Mia cara accomodati, che piacere averti qui» replicò con rinnovato
vigore, osservandola attentamente mentre prendeva posto sulla
poltrona accanto a lei.
«Mi
spiace aver fatto passare del tempo dalla mia ultima visita...»;
la
Carter sventolò delicatamente la mano in aria senza perdere il
sorriso;
«Non
dire così. Lo so bene che la vostra non è una vita semplice – il
suo sguardo si fece più vivo e sereno – la gravidanza ti dona, mia
cara» asserì sincera.
Natasha
scosse il capo divertita;
«Ti
ringrazio. Ma il sentirsi incinta non lo definirei altrettanto
piacevole.» infilò la mano nella tasca del parka ed estrasse una
paio di foto «Tieni.
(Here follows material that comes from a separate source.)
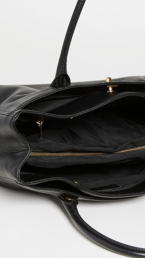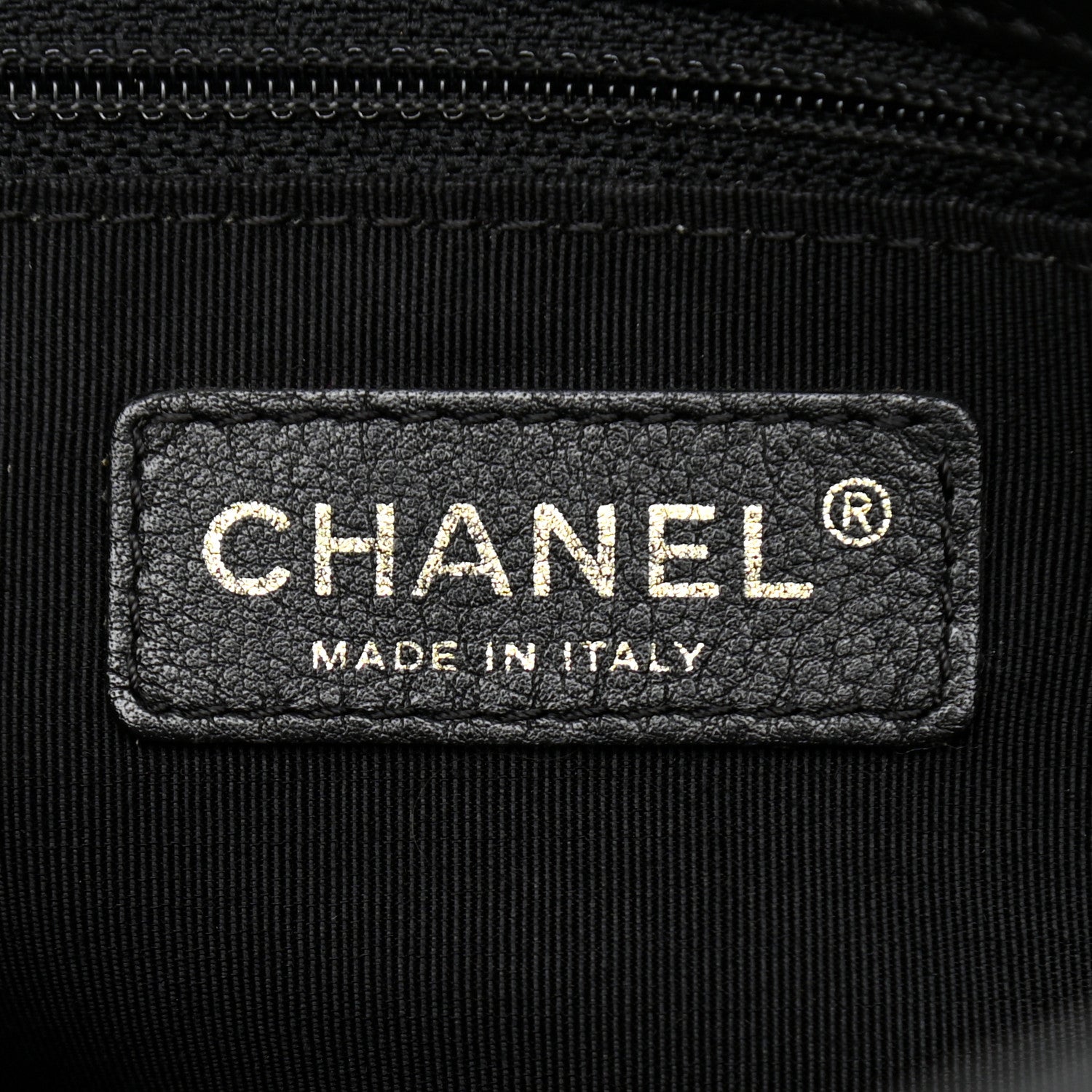 Crafted of Caviar calfskin leather in black. The shoulder bag features rolled leather top handles, and a polished gold Chanel CC turn lock. This opens to a black fabric interior with two zipper pockets

Sono le immagini dell'ultima ecografia, ho
immaginato ti facesse piacere» asserì porgendogliele.
L'anziana
Carter le osservò con cura, come fosse qualcosa a cui dare la sua
massima attenzione; poi sollevò le sue iridi scure in quelle chiare
della russa «Ma guardatelo, sembra in salute» affermò dolcemente,
sfiorando con le dita magre e tremanti il profilo del bambino.
«Lo
è» concordò Natasha, gli occhi leggermente lucidi; Peggy indugiò
sui tratti del volto «Cosa ti turba?». Difficile che allo sguardo
attento di Peggy Carter sfuggisse qualcosa.
La
spia inclinò il capo e lo scosse impercettibilmente «Non riesco a
percepirlo...»;
«La
dottoressa cosa dice a riguardo?»
«Data
la situazione è abbastanza normale... Ma non posso fare a meno di
chiedermi-» Peggy levò la mano in aria come a volerla fermare;
«Mia
cara c'è un motivo se esiste il detto “dai tempo al tempo” -
sorrise benevola – Non ti devi sentire sbagliata, non ve n'è alcun
motivo. Il bambino è sano? Sì. La dottoressa è allarmata? No. E
allora non hai ragione di preoccuparti. Cosa ti dice l'istinto?»
chiese seria.
Natasha
puntò lo sguardo altrove e rimase in silenzio per qualche istante;
«Non
saprei... Pensavo di potermi fidare, ma non ne sono poi così certa-»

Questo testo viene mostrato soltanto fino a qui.